Thursday, February 24, 2011

Finding The Zone: Me trying out one of the ten lessons. Dreams and making fun of it because it sounds so hokey.

The other day I reviewed the book, Find The Zone, and I discussed how I was going to try and apply some of the lessons shared in the book. Well, I did.

I decided to tackle Lesson One: Dreams

I have to be honest and tell you that one of my favorite new quotes comes from this chapter.

"I dream of the dragonfly who dreams of me."

I gave this quote to my basketball team as homework. They had to go home and think about the quote. They had to write down what this quote means.

What I think it means is that we can dream anything. Our dreams are unlimited. Our dreams are what keep us going in life. However, we must work very hard to make our dreams a reality. We must have a plan of action. This quote reminds me that we can dream whatever we want and we can give it life. We can make it a reality if we really want to. For me, I never would have expected myself to be training to run a marathon(if foot turns out okay after going to the doctor tomorrow). One year ago I would have laughed in your face and told you that you were stupid to think I could do something like this. I knocked out a half marathon last year and still am surprised in myself that I pulled it off.

So, back to the dreams. In this lesson it was suggested that a simple exercise would be to have a dream journal. It offers the idea of thinking about something prior to going to bed and then recording your dream in the morning to see what visions/ideas come about.

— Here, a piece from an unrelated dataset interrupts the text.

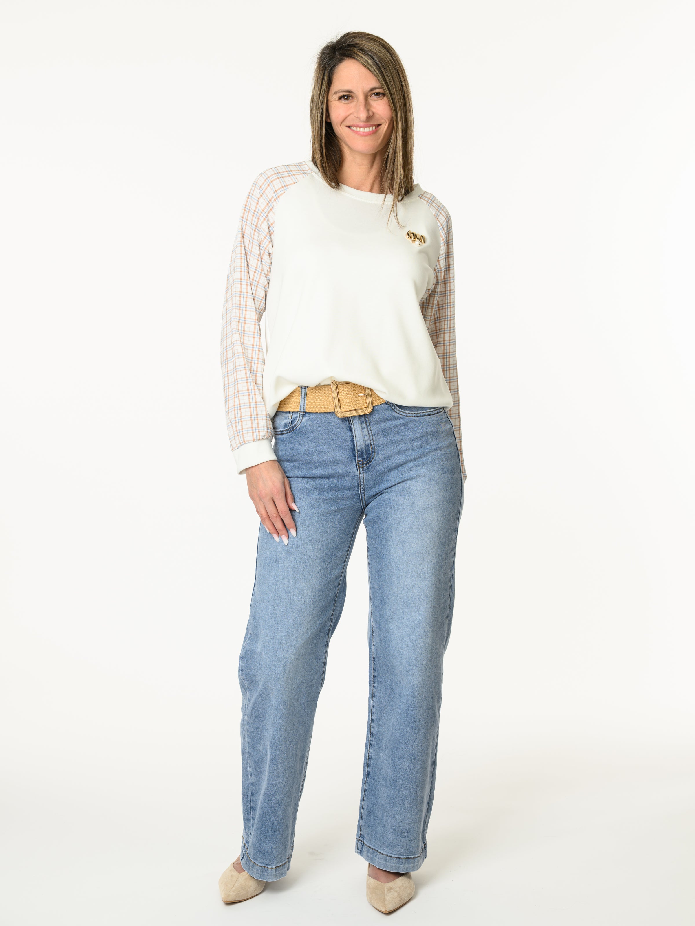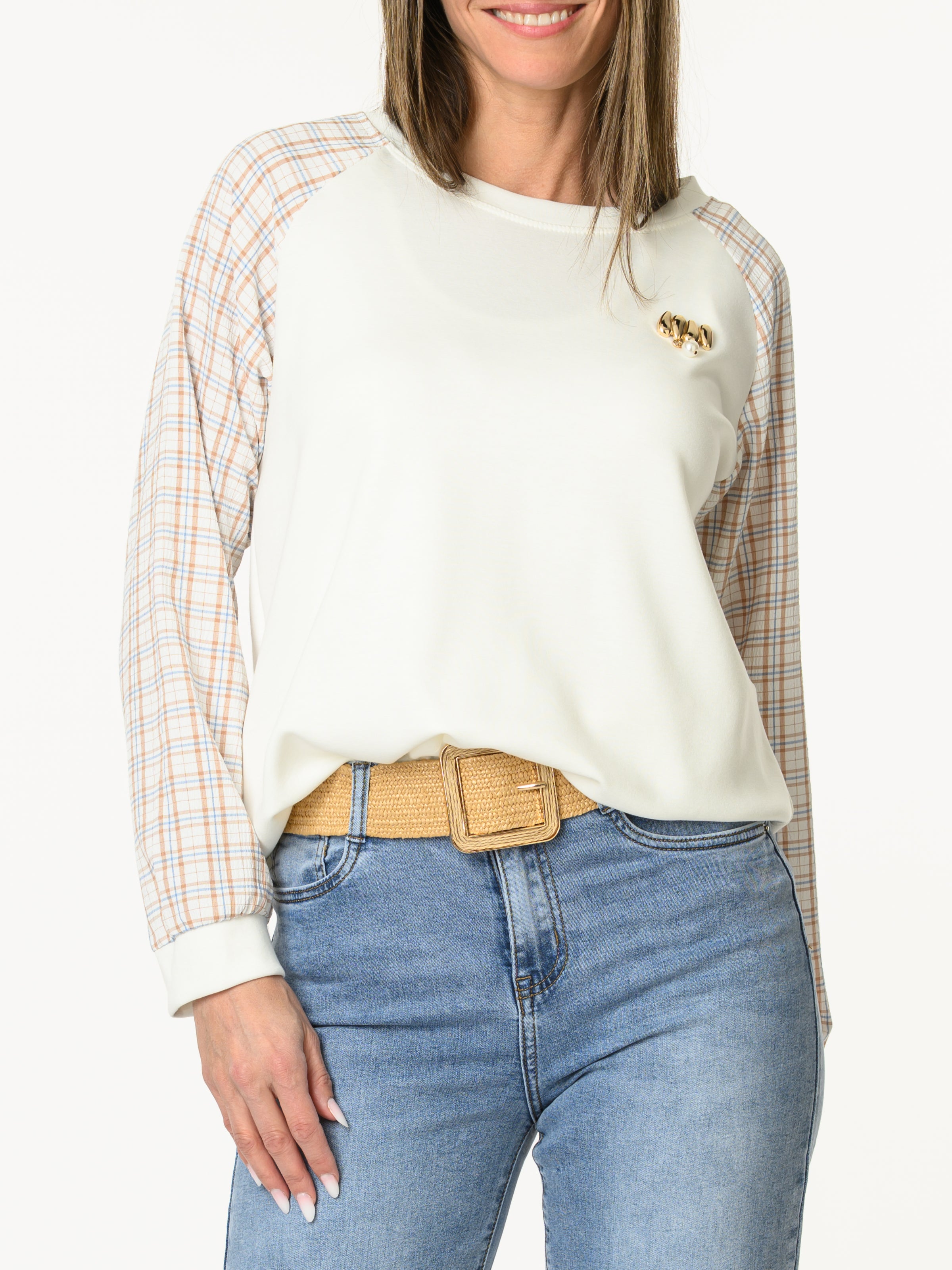 Découvrez notre chandail blanc crème avec manches à motifs de carreaux. Ce chandail à manches longues est orné de motifs de carreaux beiges, bleus et blancs. Il possède aussi une pince décorative dorée avec une perle blanche. Cette pièce allie style et confort.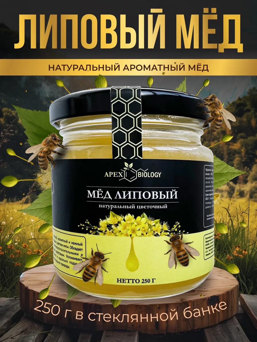 APEX BIOLOGY Мёд натуральный липовый, вкусный полезный продукт 250 грамм

I will be honest. I think a dream journal and thinking about what to dream before bed sounds a little off and weird. It seems like I should have a tarot card reading. However, I put my sarcasm mind aside and decided to give it a whirl.

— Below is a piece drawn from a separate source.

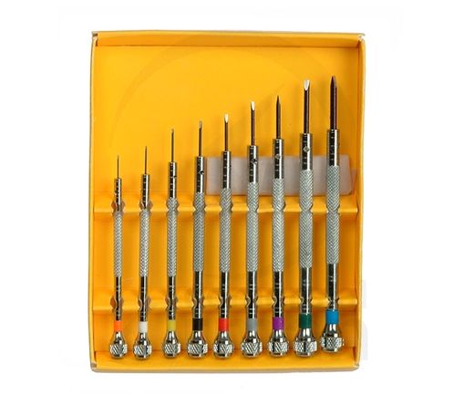 Juego Destornilladores Acero 0.50-2.50mm 45088 (9) Unidades Punta Plana + (9) Unidades De Recambio De Precisión

I thought the following question prior to falling asleep on Monday night:

"What will be needed in order for my basketball team to be successful tomorrow?"

I know, probably not a very deep question, but one that I pondered all day as I cannot stop thinking basketball during basketball season.

I chuckled to myself thinking I would not remember my dreams and all my notes I took on this book would be a waste(at least the dream notes).

I woke up several times due to my daughter coughing all night, but I did have a few dreams. Yes, I admit it. It worked.

Yes, I did write it down.

No, not in a journal, but on a bookmark in my book.

Here is what I envisioned.

1. A player diving for a loose ball out of bounds on the sideline by our team bench. What was so great was not the dive, but the fact that everyone on the bench was standing up and hooting and hollering. Emotion. Excitement. The very thing I have been asking them to do all season and something that 8th grade boys refuse to do.

2. The second vision was the other team calling a time out. We were playing so intense that the other team just could not handle the pressure and intensity we were delivering. During the time out their best player pulled out a can of paint and began painting his jersey black. Our jerseys were black as we were playing away. This dream signified in my mind that he was surrendering and wanted to play our style of basketball.

3. Not really a vision, but throughout the night my daughter kept coming into our room asking questions. I thought this was a sign to work on communication. We need to talk more. I know it is not a dream technically, but it is a dream of mine that one of my 8th grade teams would actually communicate and talk all the time on the floor.

I was rather surprised and shocked by these visions. They actually worked and the visions were realistic to what was needed in order for my team to be successful. These were actually the main things that I have been preaching to my team all year.

I am sold. I will work on this exercises more and see what insights it offers me.

However, it does leave me wondering: "Do we create the dream, or does the dream create us?"